Content marketing, SEO and social media are frequently mentioned at the same time during planning meetings and lumped together when people talk about “doing digital.” But are they really compatible with one another? Or should they be treated separately? I vote for “friends,” maybe even “besties.” (Can you tell that I have teen and pre-teen daughters?) Because despite the glares that one set of specialists may shoot across the conference room table at specialists of a different stripe, these disciplines don’t just get along, they almost require one another. Each is weaker when not accompanied by the others.

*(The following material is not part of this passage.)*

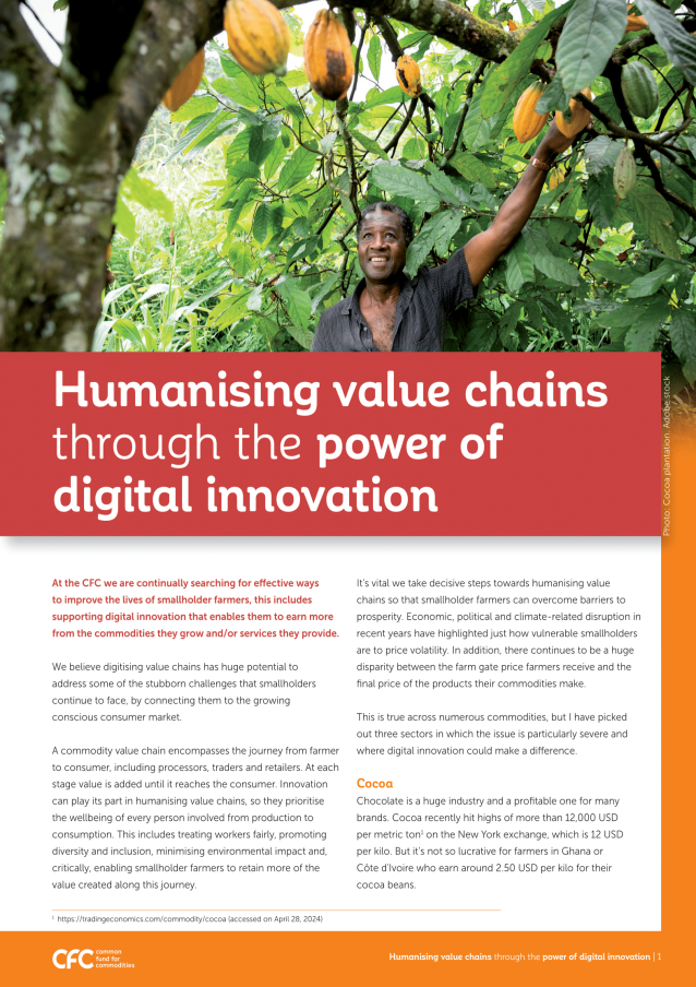In 2024, the Common Fund for Commodities (CFC) faced unprecedented demand, with over 360 project proposals reflecting the aspirations of millions. Constrained by limited resources, we approved 18 projects, investing USD 135.56 million – directly benefiting 196,000 smallholders, supporting 540,000 farmers, and sustaining 11,800 jobs.

First, let’s talk about tactics vs. strategies. Social media should rightly be considered a tactic. It’s a way to communicate with your target audience. Yes, there is (or should be) strategy underlying you social media activity, but when you begin defining that strategy, a lot of it comes back to discussions of content.
Simlarly with SEO. There are still a great many things that you can and should be doing to optimize your site from a technical standpoint. (The search engines reward efficient, fast-loading, standards-compliant sites. The further you move away from those ideals, the more you’ll be penalized.)
But beyond those basics, along with things like local optimization and solid keyword research, you are once again talking about content. You have to have content related to the keyword phrases that your audience uses to search for the products and services you are marketing. It’s just that simple.
Content marketing doesn’t exist on a pedestal all its own, though. “Build it and they will come” doesn’t work anywhere but in the movies. Even the greatest content needs to be promoted and amplified in order to maximize its reach, connect with an audience and provide any real marketing ROI.
So if you’re talking to an SEO specialist whose weak on content, or a social media expert whose all about this hot channel vs. that hot channel, take a step back and start a conversation with someone who can provide a more complete perspective. That may be a content marketer or a digital strategist.
Either way, the goal has to be to focus on strategy that aligns all of your marketing efforts – including content marketing, SEO and social media – so they can be “besties.”